On Sat, 19 Jan 2013, Jens Kristian S?gaard wrote:

> Hi Sage,
> 
> > Do you have a full log for this?
> 
> I upped the log level and started the osd again.
> 
> It ran for 23 seconds and then suddenly crashed out of the blue.
> 
> The last log lines were:
> 
> 2013-01-19 19:31:39.975475 7f50de7fc700 10 osd.2 pg_epoch: 416 pg[0.fc( v
> 164'38593 (164'37592,164'38593] local-les=247 n=2622 ec=1 les/c 247/156
> 379/379/379) [1,3] r=-1 lpr=379 pi=152-378/14 lcod 0'0 inactive NOTIFY]
> state<Reset>: Reset advmap
> 2013-01-19 19:31:39.975483 7f50de7fc700 10 osd.2 pg_epoch: 416 pg[0.fc( v
> 164'38593 (164'37592,164'38593] local-les=247 n=2622 ec=1 les/c 247/156
> 379/379/379) [1,3] r=-1 lpr=379 pi=152-378/14 lcod 0'0 inactive NOTIFY]
> _calc_past_interval_range: already have past intervals back to 156
> 2013-01-19 19:31:39.975495 7f50de7fc700 10 osd.2 pg_epoch: 416 pg[0.fc( v
> 164'38593 (164'37592,164'38593] local-les=247 n=2622 ec=1 les/c 247/156
> 379/379/379) [1,3] r=-1 lpr=379 pi=152-378/14 lcod 0'0 inactive NOTIFY]
> handle_advance_map [1,3]/[1,3]
> 2013-01-19 19:31:39.975505 7f50de7fc700 10 osd.2 pg_epoch: 417 pg[0.fc( v
> 164'38593 (164'37592,164'38593] local-les=247 n=2622 ec=1 les/c 247/156
> 379/379/379) [1,3] r=-1 lpr=379 pi=152-378/14 lcod 0'0 inactive NOTIFY]
> state<Reset>: Reset advmap
> 2013-01-19 19:31:39.975513 7f50de7fc700 10
> 
> 
> The stack trace from the core file shows:
> 
> Program terminated with signal 6, Aborted.

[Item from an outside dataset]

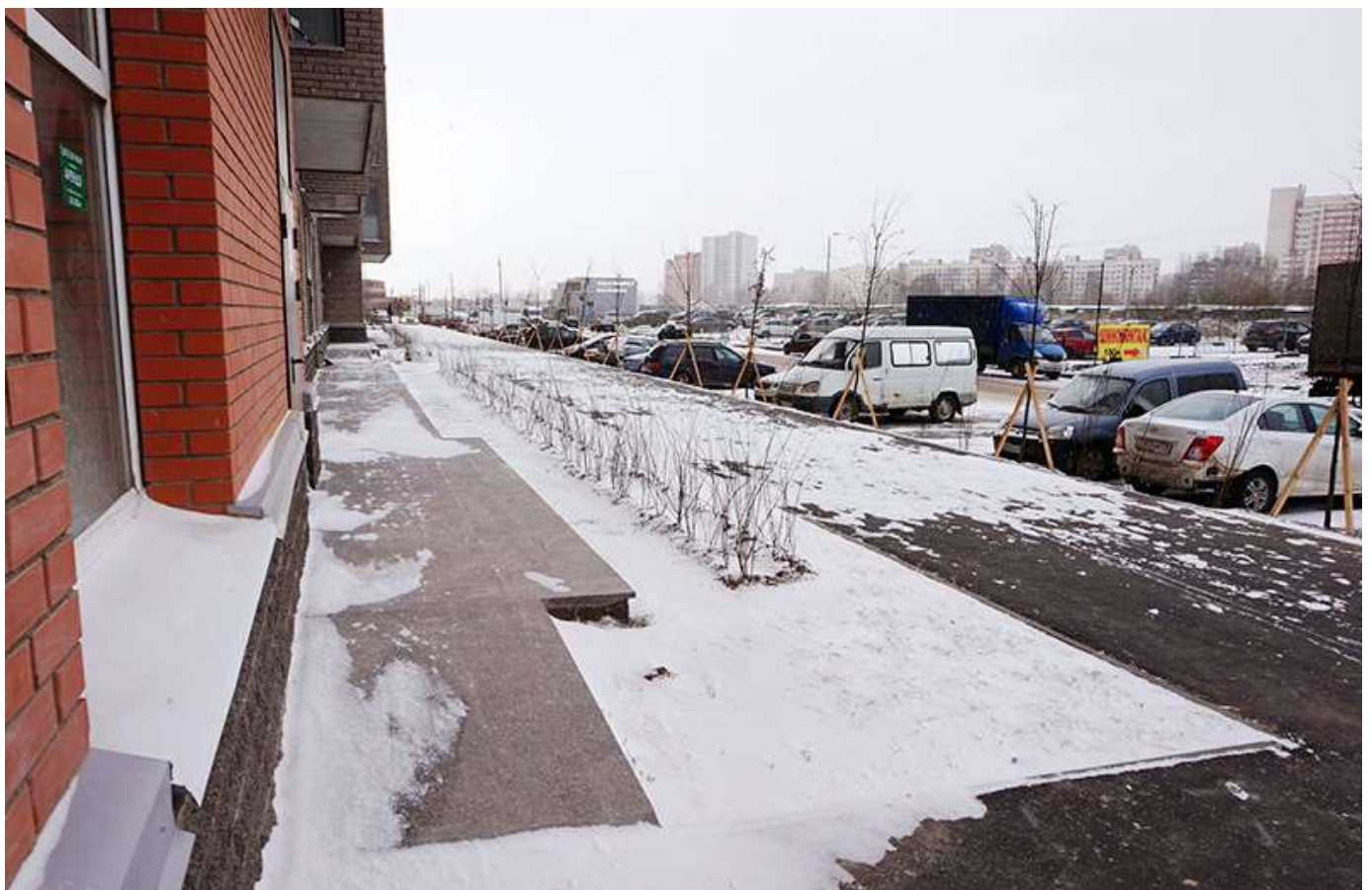
Вид со стороны Областной улицы, секции 19-18

> #0  0x000000360de0eebb in raise () from /lib64/libpthread.so.0
> Missing separate debuginfos, use: debuginfo-install
> boost-thread-1.48.0-13.fc17.x86_64 glibc-2.15-57.fc17.x86_64
> libaio-0.3.109-5.fc17.x86_64 libgcc-4.7.2-2.fc17.x86_64
> libstdc++-4.7.2-2.fc17.x86_64 libuuid-2.21.2-2.fc17.x86_64
> nspr-4.9.2-1.fc17.x86_64 nss-3.13.5-1.fc17.x86_64
> nss-softokn-3.13.5-1.fc17.x86_64 nss-softokn-freebl-3.13.5-1.fc17.x86_64
> nss-util-3.13.5-1.fc17.x86_64 sqlite-3.7.11-3.fc17.x86_64
> (gdb) bt
> #0  0x000000360de0eebb in raise () from /lib64/libpthread.so.0
> #1  0x000000000082f7a6 in reraise_fatal (signum=6) at
> global/signal_handler.cc:58
> #2  handle_fatal_signal (signum=6) at global/signal_handler.cc:104
> #3  <signal handler called>
> #4  0x000000360d635925 in raise () from /lib64/libc.so.6
> #5  0x000000360d6370d8 in abort () from /lib64/libc.so.6
> #6  0x0000003611660dad in __gnu_cxx::__verbose_terminate_handler() () from
> /lib64/libstdc++.so.6
> #7  0x000000361165eea6 in ?? () from /lib64/libstdc++.so.6
> #8  0x000000361165eed3 in std::terminate() () from /lib64/libstdc++.so.6
> #9  0x000000361165f0fe in __cxa_throw () from /lib64/libstdc++.so.6
> #10 0x00000000008d5edd in ceph::__ceph_assert_fail (assertion=0x99b1b8
> "exists(osd)", file=<optimized out>, line=367, func=0x99fa20 "const epoch_t&
> OSDMap::get_up_thru(int) const") at common/assert.cc:77
> #11 0x000000000060db42 in OSDMap::get_up_thru (osd=<optimized out>,
> this=<optimized out>) at osd/OSDMap.h:367
> #12 0x00000000006e3b35 in OSDMap::get_up_thru (this=<optimized out>,
> osd=<optimized out>) at osd/OSDMap.h:369
> #13 0x0000000000935590 in pg_interval_t::check_new_interval (old_acting=...,
> new_acting=..., old_up=..., new_up=..., same_interval_since=553,
> last_epoch_clean=425, osdmap=std::tr1::shared_ptr (count 83, weak 1)
> 0x2d59530,
>     lastmap=std::tr1::shared_ptr (count 59, weak 1) 0x2e85650, pool_id=0,
> pgid=..., past_intervals=0xc62ef78, out=0x0) at osd/osd_types.cc:1537
> #14 0x00000000007563c3 in PG::start_peering_interval
> (this=this@entry=0xc62e880, lastmap=std::tr1::shared_ptr (count 59, weak 1)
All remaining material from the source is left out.